Schmidt, of Google, picked up on that theme later.

“The next killer device is a clearly a personal one,” Schmidt said. “The one I personally favor is putting all the world’s information into the equivalent of an iPod, which will be possible in the next five to 10 years. And if you can’t quite do that, your wireless connection will help you get what you need.”

Lobbying the government is a key part of TechNet’s mission, and Doerr and others spoke to the limited but crucial role the government should play in helping spur innovation.

“There are three things we need the government to do,” Doerr said: Invest in research, invest in education, and foster an environment where innovation can thrive.

Nearly all the participants agreed that the lack of widespread high-speed Internet access has held back adoption. U.S. broadband penetration is below 50 percent and lags behind other developed nations, such as South Korea.

“A country like Korea is totally broadband,” Semel said. “It all comes back to broadband. It changes everything we do.”

Rose asked why broadband penetration in the United States is so low relative to the rest of the developed world.

Doerr cited the physical vastness of the United States, high prices and what he said were conflicting government regulations. But Joy said the lack of competition in many areas has stalled the spread of high-speed lines.

“We didn’t have government leadership saying we need to do this,” Joy said. “If there wasn’t strong competition between the cable and phone companies, broadband didn’t get rolled out.”

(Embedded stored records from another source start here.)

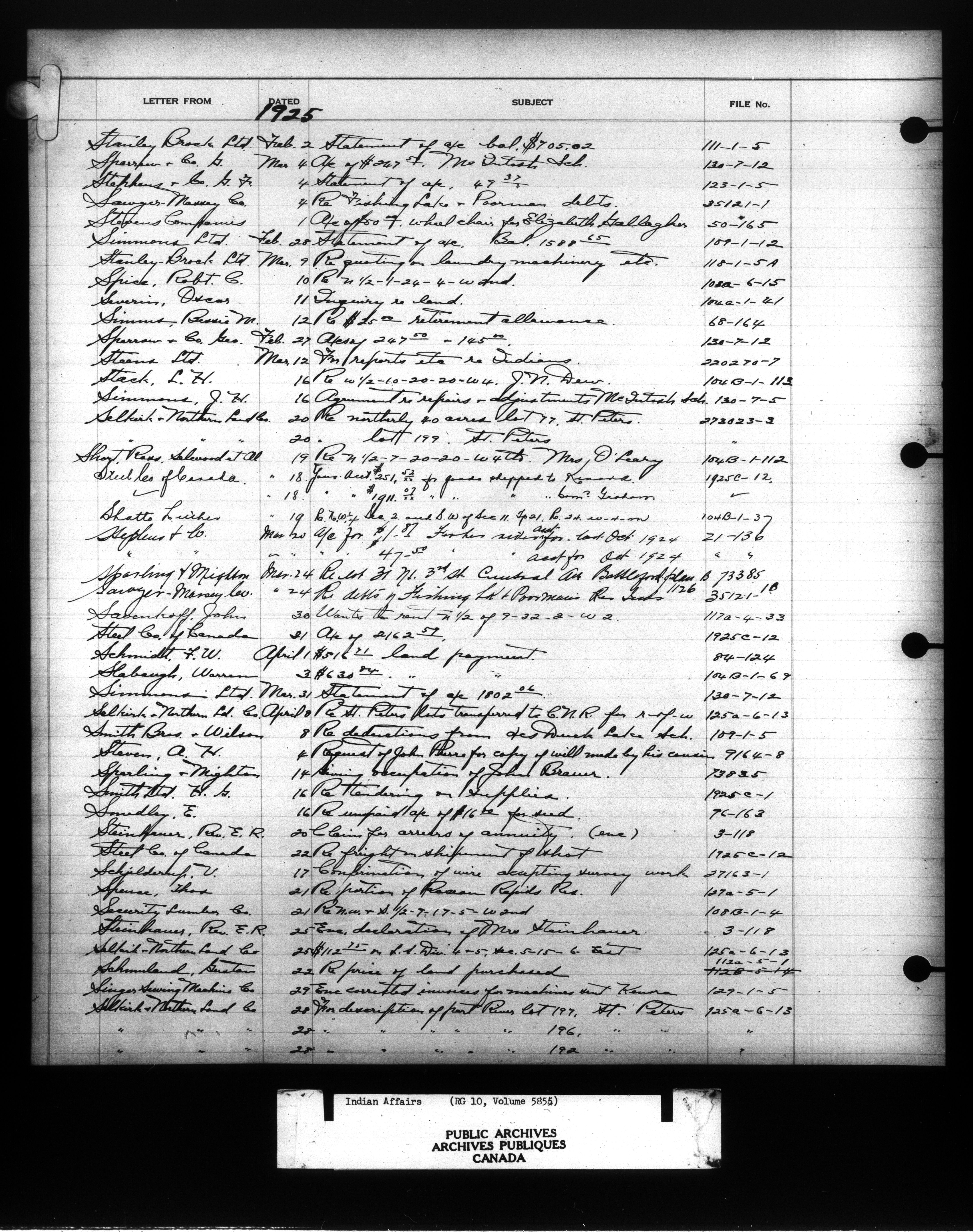 Department of Indian Affairs : Indexed Registers for Western Canada - 10943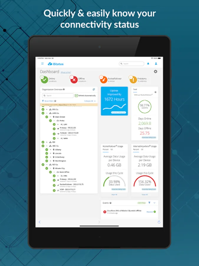 • iStatus Dashboard – cloud-based management platform to give you a single-pane overview of all remote location’s Internet connections. Easily drill down to see when and where issues occur for proactive management.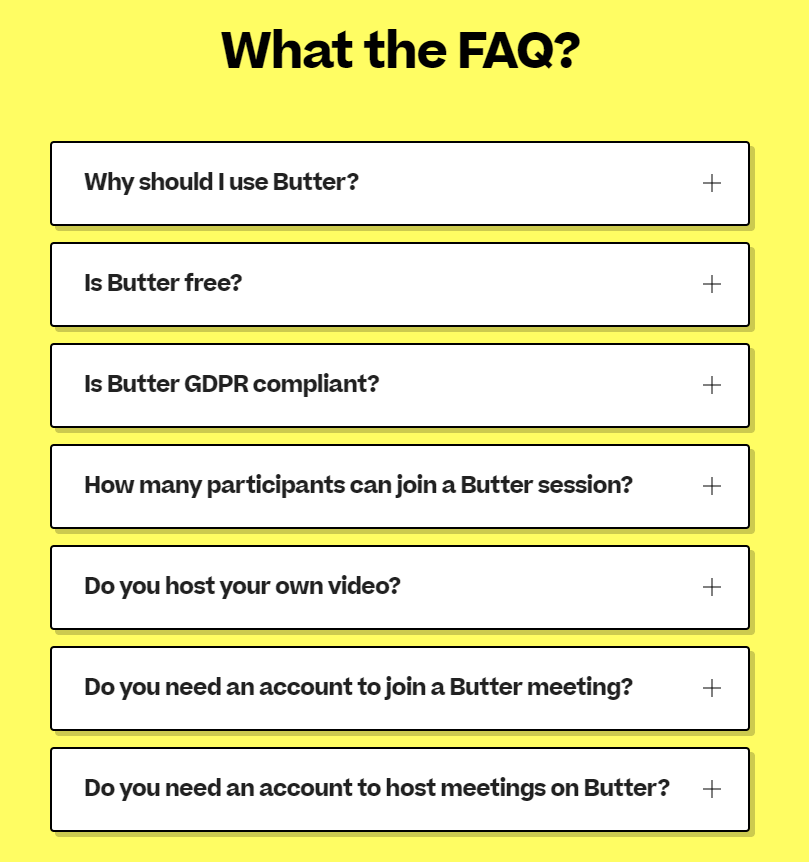 The virtual collaboration platform Butter has a strong brand voice – this may be too edgy for some people, but if you know your audience, bold choices like this can be a great idea.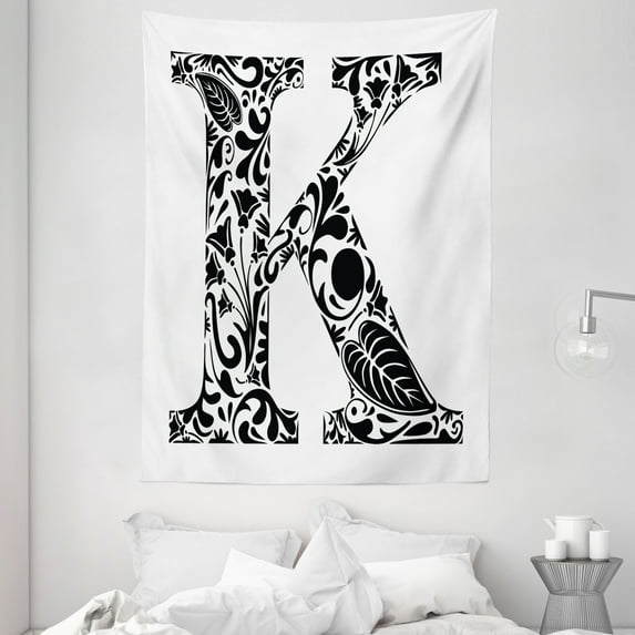 Hero image 0 of Letter K Tapestry, Nature Inspired Figures Black Silhouettes Swirls Abstract Rural Field Pattern, Wall Hanging for Bedroom Living Room Dorm Decor, 60W X 80L Inches, Black White, by Ambesonne, 0 of 2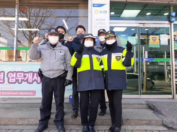 [한국Q뉴스] 대덕면 자율방범대와 어머니자율방범대는 설 명절을 맞아 지난 9일부터 10일까지 이틀간 대덕농협 본소와 대덕농협 내리지점에서 금융기관 범죄 예방을 위한 안전 지원 근무를 펼쳤다.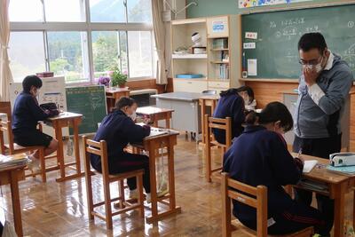1年生 初めての英語の時間です。自己紹介で盛り上がっていました。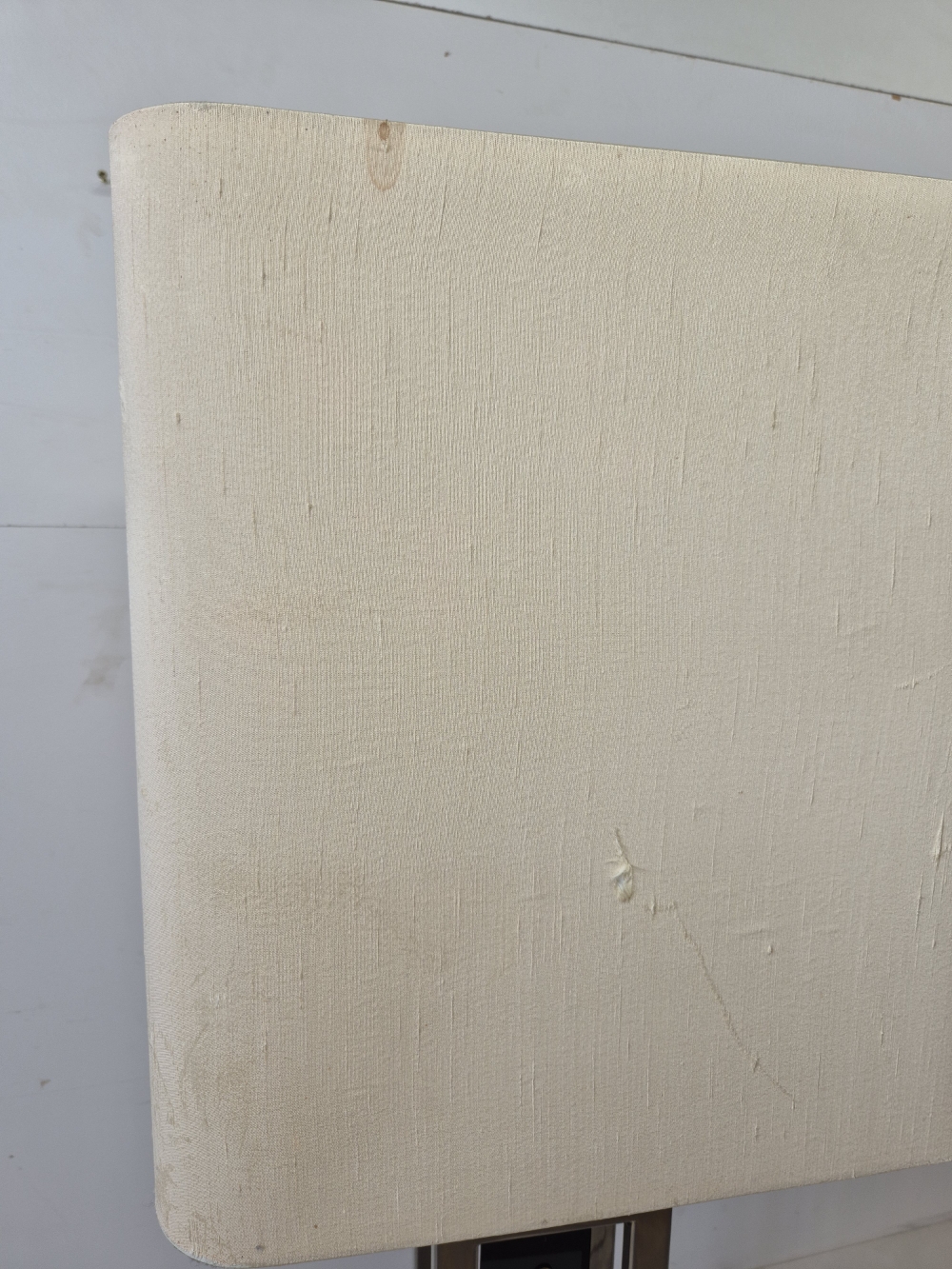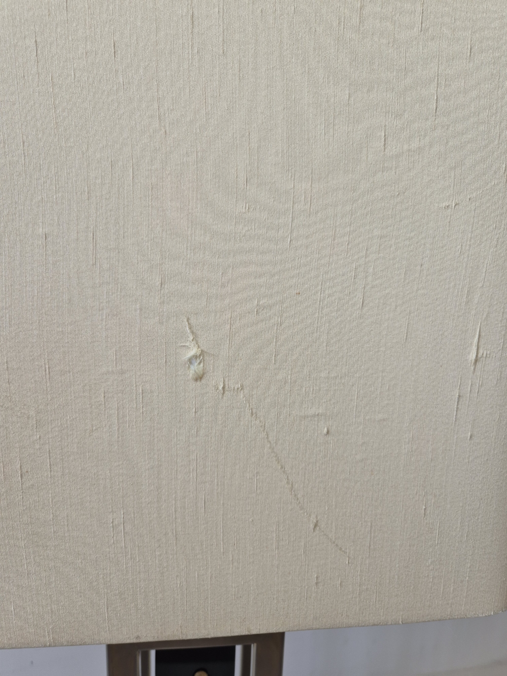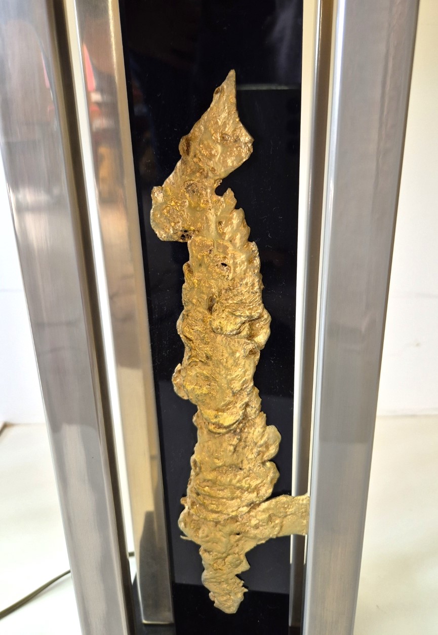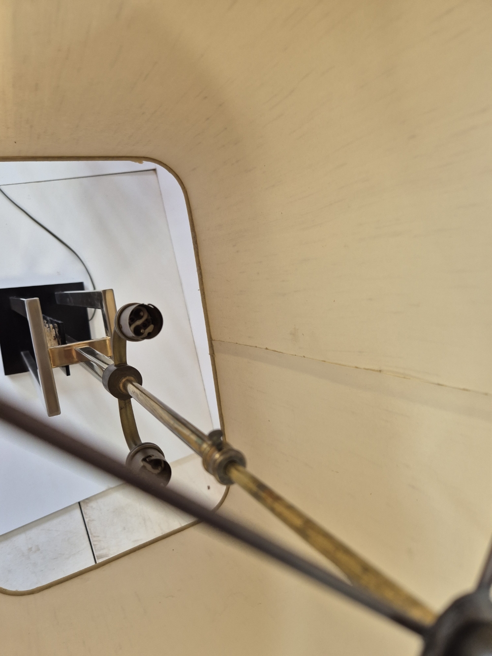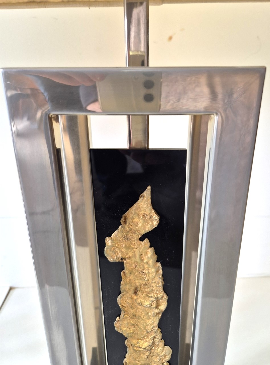 Importante et spectaculaire paire de lampes, Philippe Cheverny vers 1970. Structure géométrique en métal ornée d’une compression en métal doré montée sur plexiglas noir, l’ensemble surmonté par un grand abat-jour d’origine monté sur un axe télescopique dont la hauteur est réglable de 90cm à 1m13. 2 ampoules à baïonnettes par lampe, câbles et interrupteurs d’origine. Usures sur la structure et sur les abat-jours. Dimensions des abats jours 43 x 29 x hauteur 45cm.

The country’s competitiveness with other countries also found its way into many discussions. As they have repeatedly over the years, executives said the United States must invest more heavily and intelligently in its schools.

“The U.S. is falling behind in education,” Chambers said. “You look at China, and they will guarantee that 25 percent of their college students will graduate with a degree in the computer sciences. I think that’s the biggest challenge we face.”